En ese año, el Gobierno resolvió que se celebrase en las escuelas y centros docentes el 23 de abril, y fue al año siguiente (1931) cuando tuvo lugar por primera vez en esa fecha. Ni que decir tiene que, siendo el día de San Jorge, patrón de Cataluña, Aragón, de la caballería, en primavera… fue una elección acertadísima y se acentuaba el carácter festivo que de por sí ya tenía.
Desde el principio, los libreros engalanaban sus escaparates e instalaban puestos de venta en las aceras cercanas a sus establecimientos, y los editores instalaban casetas en calles emblemáticas, por lo que por unos días se transformaba el paisaje urbano, decorado con enormes carteles colgados entre los árboles con frases de autores famosos, y entre el bullicio del público paseante se distinguían uniformes y sotanas, profesionales con traje y sombrero y obreros de blusón y boina; niños, mujeres y hombres, de tal modo que en las Ramblas de Barcelona y el Paseo de Recoletos de Madrid, por citar dos ciudades, convivían por unos días distintos colectivos sociales que compartían su interés por el libro, animados por escritores, políticos y artistas mediante alocuciones en la radio y firma de ejemplares.
En el curso de los años se introdujeron fórmulas para convocar la asistencia y “hacer más caja”, como sorteos entre los compradores, incentivos de descuento aplicable a todas las adquisiciones efectuadas ese día y el obsequio de un folleto editado por las Cámaras Oficiales del Libro.

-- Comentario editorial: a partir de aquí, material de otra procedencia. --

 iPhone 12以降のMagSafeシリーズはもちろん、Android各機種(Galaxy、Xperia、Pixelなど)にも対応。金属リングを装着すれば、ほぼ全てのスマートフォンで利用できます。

Entre 1931 y 1936, en Barcelona: “Lo que España debe a un libro”, de Manuel Montoliu, un homenaje al Quijote; “Cómo se organiza una biblioteca”, de Jorge Rubio; “El arte de la encuadernación”, de Ramón Miquel y Planes; “La vida del libro”, de Jacinto M.ª Mustieles; “El arte de leer”, de Carlos Soldevila. Y en Madrid, una reproducción facsímil del “Exemplario contra los engaños y peligros del mundo”, impreso en Zaragoza en 1537; el facsímil de las “Rimas divinas y humanas”, de Lope de Vega y una edición de lujo de las Rimas de Bécquer. Por lo tanto, eran evidentes las connotaciones económicas y la defensa del idioma castellano, pero en el curso de los años se constituyó en una festividad que ayudó a fortalecer las políticas de alfabetización de la población.

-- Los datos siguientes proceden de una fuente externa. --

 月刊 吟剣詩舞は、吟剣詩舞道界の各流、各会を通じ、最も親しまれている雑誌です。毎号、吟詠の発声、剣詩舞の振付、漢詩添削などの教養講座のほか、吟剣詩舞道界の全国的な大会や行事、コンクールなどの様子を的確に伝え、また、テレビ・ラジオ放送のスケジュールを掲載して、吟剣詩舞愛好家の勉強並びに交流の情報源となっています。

Las temáticas preferidas del público variaron en el curso de los años, siendo un hito la proclamación de la II República en España, ya que a partir de entonces se incorporan aquellos libros hasta entonces vetados y crecen las ediciones en catalán, eusquera y gallego; por ejemplo, en 1933 aparece el Diccionario de Pompeu Fabra y la versión catalana de Las confesiones de san Agustín, del canónigo Llovera, y en 1934 se publica la Historia política de Catalunya, de Ferrán Soldevila y el Diccionari General de la Llengua Catalana, de Pompeu Fabra.

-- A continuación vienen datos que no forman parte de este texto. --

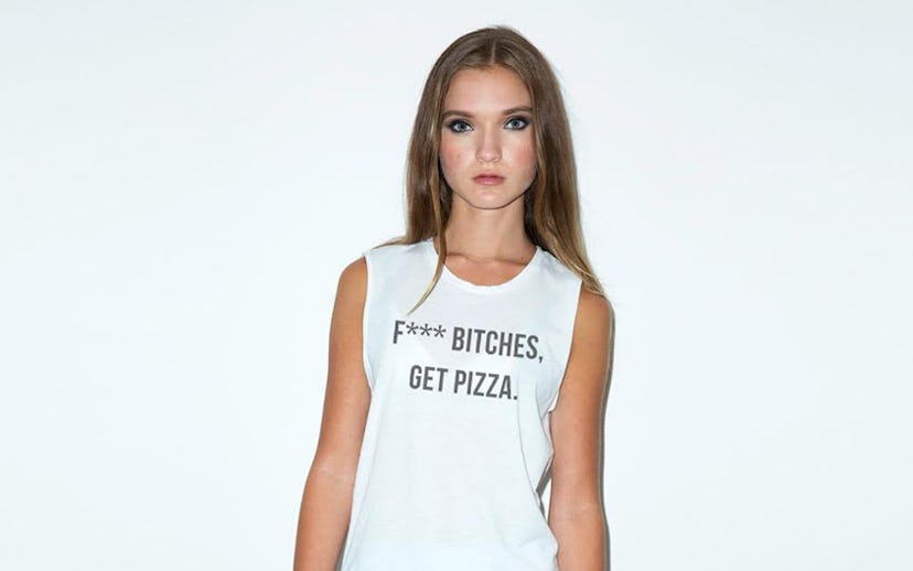 NYLON, F*** Bitches, Get Pizza Muscle Tee, $34.00, available here.

Desde entonces hasta nuestros días, ha llovido mucho, como diríamos, y la celebración se ha internacionalizado hasta tal punto que se cuentan por centenares las ciudades en que tiene lugar, impulsada –obviamente– por los grupos editoriales, pero también patrocinada por diversas instituciones. Así, las actividades organizadas en el Instituto Cervantes, universidades españolas, bibliotecas nacionales, regionales o municipales, públicas y privadas, son numerosas y ayudan a mantener esta iniciativa histórica, que no obstante el interés económico que la sostiene (para algunos espurio), no cabe duda de la importancia que ha tenido y tiene en la difusión de la cultura en general, que siempre es bienvenida por el favor que hace a la formación de una ciudadanía más libre, responsable y comprometida. ¡Y que la fiesta continúe!